Scalable Success With the Treadle Pump
When iDE began working in Bangladesh in the early 1980s, we noticed a lack of access to water in rural villages, and believed that manually powered irrigation pumps could solve the problem and allow farmers to increase productivity. Through successful social marketing campaigns, iDE increased annual sales of manual irrigation pumps from 14,000 to 75,000 in a five year period. After that initial success, we identified a better solution in the treadle pump, which is more efficient and easier to operate than manual pumps. To date, more than 1.5 million treadle pumps have been sold in Bangladesh, creating 1.4 billion dollars in net additional income per year.
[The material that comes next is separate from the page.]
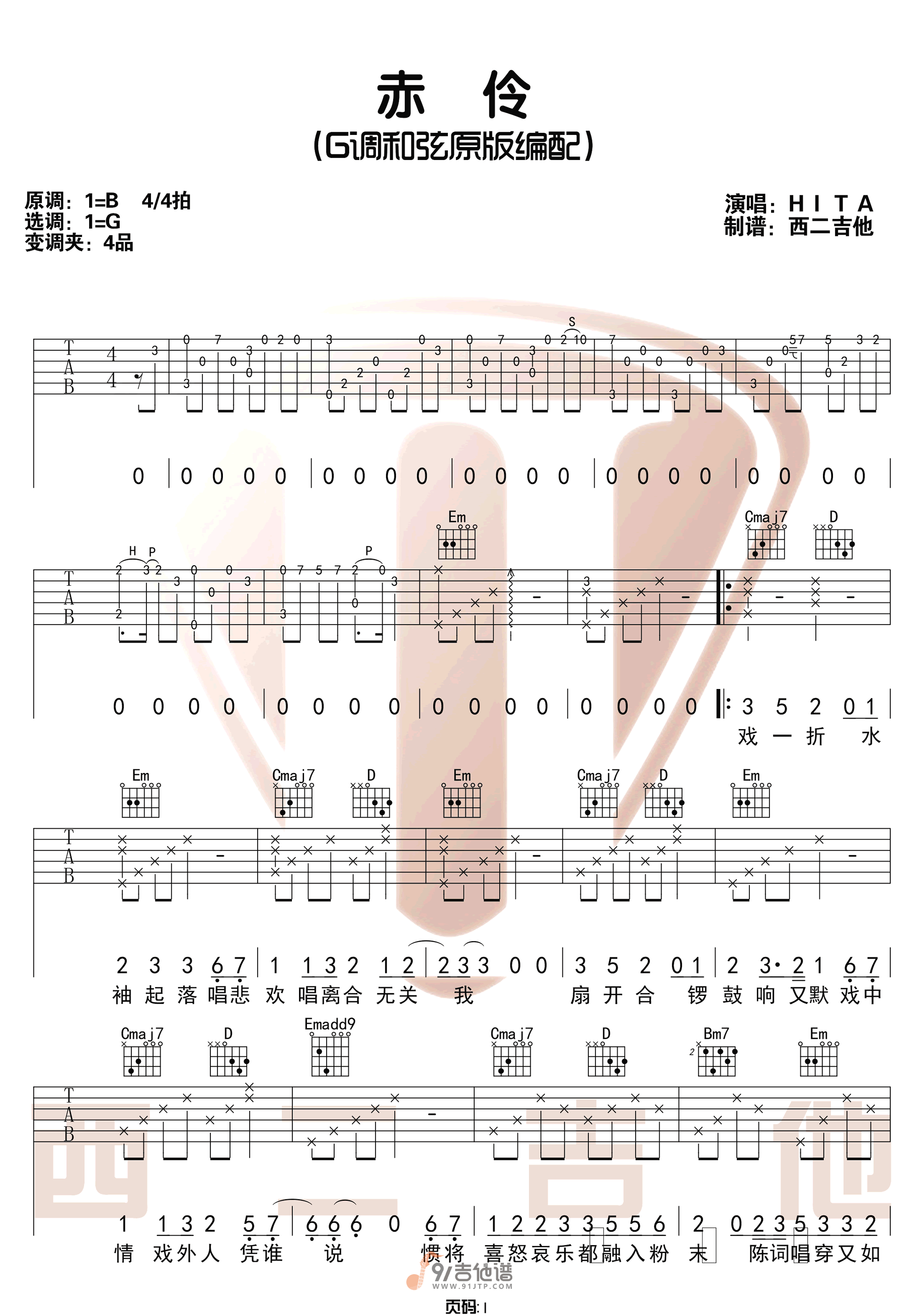 赤伶吉他谱 - HITA - G调吉他弹唱谱 - 原版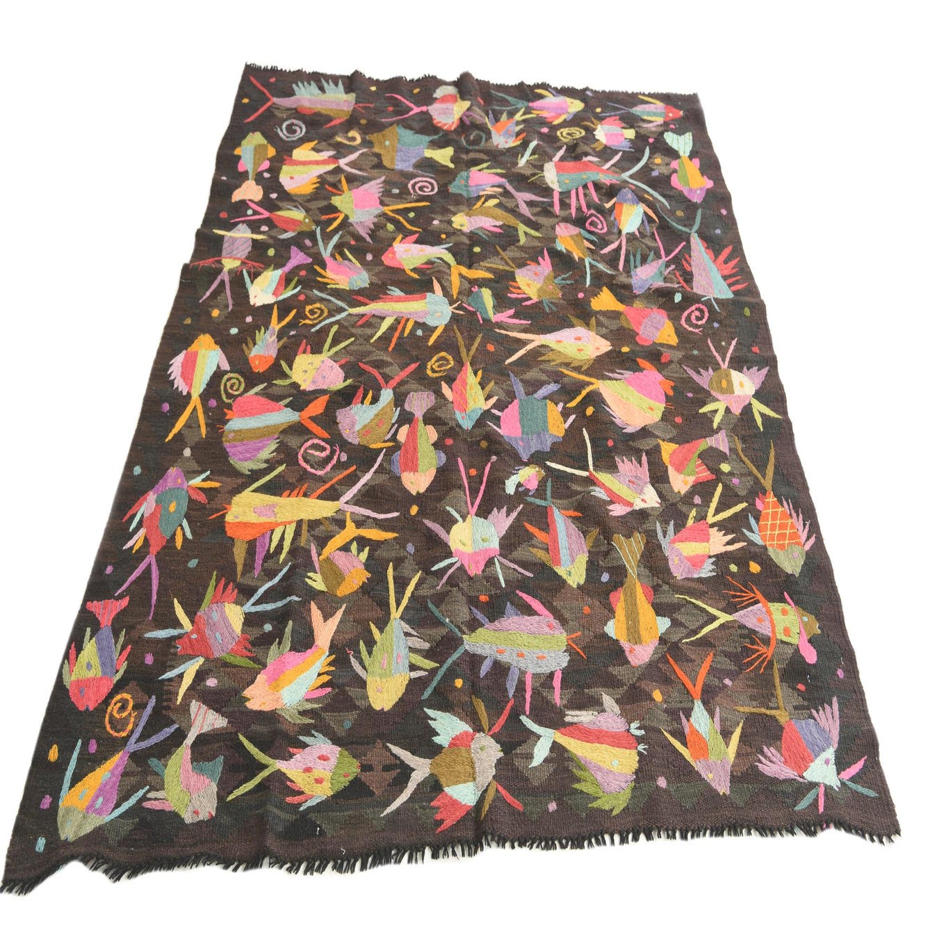 A 4x6 rectangular brown flatweave rug featuring a vibrant, colorful fish pattern in a tribal style, suitable for an indoor living space.

The success of iDE's first two projects confirmed our belief that simple, affordable technologies enable the rural poor to become micro-entrepreneurs, creating a path out of poverty that is both sustainable and replicable.
New Technologies and Expanding Enterprises
Beginning in 1995, iDE developed low-cost, small-scale drip systems for irrigating home gardens. In Nepal and India, 50,000 of these systems have been purchased and installed with income-generating results parallel to those achieved by the treadle pump.
In 1994, iDE started a coconut processing plant in Vietnam to help the thousands of small farmers that depend on coconut sales as their primary source of income. The plant is now locally owned and managed, employing 80 people and processing over $300,000 worth of coconut each year with 60 percent going to export markets in Asia and the Middle East.
Also by 1994, iDE had established five successful country programs in Asia. Beginning in 1997, iDE expanded efforts into Africa, where we currently operate in five countries. In 2006, iDE entered Latin America with a pilot program in Nicaragua; since then we have expanded operations to a total of five countries in the region.
Today, iDE uses a market oriented development model to increase the income of the rural poor by improving market access, increasing agricultural production, and creating sustainable local businesses. iDE's projects are country specific, aimed at increasing income for those living on less than a dollar a day in the most efficient and viable manner possible according to each region's unique opportunities.
To date, the hard work and vision of iDE staff throughout the world have helped more than 19 million people lift themselves permanently out of poverty.